The easiest fix for me was to convert the row using pd.to_numeric(row).
Why is it applying diff to an array of strings.
I get an error at the same point, though with a different message
In [23]: a=np.array([u'A' u'B' u'C' u'D' u'E'])
In [24]: np.diff(a)
---------------------------------------------------------------------------
TypeError Traceback (most recent call last)
<ipython-input-24-9d5a62fc3ff0> in <module>()
----> 1 np.diff(a)
C:\Users\paul\AppData\Local\Enthought\Canopy\User\lib\site-packages\numpy\lib\function_base.pyc in diff(a, n, axis)
1112 return diff(a[slice1]-a[slice2], n-1, axis=axis)
1113 else:
-> 1114 return a[slice1]-a[slice2]
1115
1116
TypeError: unsupported operand type(s) for -: 'numpy.ndarray' and 'numpy.ndarray'
Is this a array the bins parameter? What does the docs say bins should be?
I am fairly new to this myself, but I had a similar error and found that it is due to a type casting issue. I was trying to concatenate rather than take the difference but I think the principle is the same here. I provided a similar answer on another question so I hope that is OK.

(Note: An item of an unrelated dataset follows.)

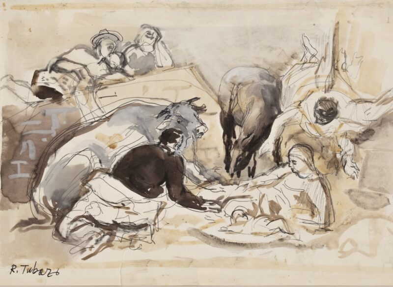 Attento anche agli sviluppi dell’arte italiana dell’immediato dopoguerra, come si evince dalla serie di bellissime nature morte degli anni attorno al ’50, Renzo Tubaro ha ricevuto vasto apprezzamento da critici – e intellettuali – quali Pier Paolo Pasolini e Carlo Sgorlon. Nel 1997 il suo lavoro di affrescatore è stato attentamente esaminato in una mostra presso Villa Manin e in un volume a cura di Fulvio Dell’Agnese. Proprio da quest’ambito vengono i trenta disegni, assolutamente inediti, che costituiscono la rassegna presso il Centro Aldo Moro di Cordenons: «lavori in varie tecniche che – spiega il curatore della mostra Giancarlo Pauletto – rappresentano appunto le prime idee di quegli affreschi, o magari di altre opere di arte sacra che potevano occupare la mente dell’artista, e che oggi possono essere tranquillamente considerati come storiche testimonianze di un’arte certo classicamente atteggiata, ma non per questo meno ricca di vivacità, di immediatezza visiva, di sciolta, concreta capacità di intuire uno spazio, di rappresentare un’emozione, un affetto, un movimento. Parecchi di questi disegni sono stazioni di Via Crucis, la caduta sotto la croce, l’incontro con le pie donne, la Veronica, le deposizioni, le crocifissioni. Particolarmente belle sono proprio le deposizioni: Tubaro sembra avere una sorta di predilezione per questo tema, trattato molte volte e in molti modi, forse perché si tratta di un tema in qualche modo affine alle “maternità”, così frequente nella sua pittura e nel suo disegno. E uscendo dal tema “Via Crucis”, vi sono molti altri disegni da osservare, sempre legati a momenti della vita di Cristo. Come la bellissima Natività, dove la Madonna appare come appagata dopo il parto, e San Giuseppe si protende con fare affettuoso verso il Bambino, mentre altrettanto partecipi appaiono l’asino, il bue e l’angelo sospeso sulla destra. O i tre “Battesimi di Cristo”, segni tutti e tre di una vitalità culturale fondata sulla conoscenza della grande tradizione veneziana».

In essence you need to use a different data type cast, in my case I needed str not float, I suspect yours is the same so my suggested solution is. I am sorry I cannot test it before suggesting but I am unclear from your example what you were doing.
return diff(str(a[slice1])-str(a[slice2]), n-1, axis=axis)
Please see my example code below for the fix to my code, the change occurs on the third to last line. The code is to produce a basic random forest model.
import scipy
import math
import numpy as np
import pandas as pd
from sklearn.ensemble import RandomForestRegressor
from sklearn import preprocessing, metrics, cross_validation
Data = pd.read_csv("Free_Energy_exp.csv", sep=",")
Data = Data.fillna(Data.mean()) # replace the NA values with the mean of the descriptor
header = Data.columns.values # Ues the column headers as the descriptor labels
Data.head()
test_name = "Test.csv"
npArray = np.array(Data)
print header.shape
npheader = np.array(header[1:-1])
print("Array shape X = %d, Y = %d " % (npArray.shape))
datax, datay = npArray.shape
names = npArray[:,0]
X = npArray[:,1:-1].astype(float)
y = npArray[:,-1] .astype(float)
X = preprocessing.scale(X)
XTrain, XTest, yTrain, yTest = cross_validation.train_test_split(X,y, random_state=0)
# Predictions results initialised
RFpredictions = []
RF = RandomForestRegressor(n_estimators = 10, max_features = 5, max_depth = 5, random_state=0)
RF.fit(XTrain, yTrain) # Train the model
print("Training R2 = %5.2f" % RF.score(XTrain,yTrain))
RFpreds = RF.predict(XTest)
with open(test_name,'a') as fpred :
lenpredictions = len(RFpreds)
lentrue = yTest.shape[0]
if lenpredictions == lentrue :
fpred.write("Names/Label,, Prediction Random Forest,, True Value,\n")
for i in range(0,lenpredictions) :
fpred.write(RFpreds[i]+",,"+yTest[i]+",\n")
else :
print "ERROR - names, prediction and true value array size mismatch."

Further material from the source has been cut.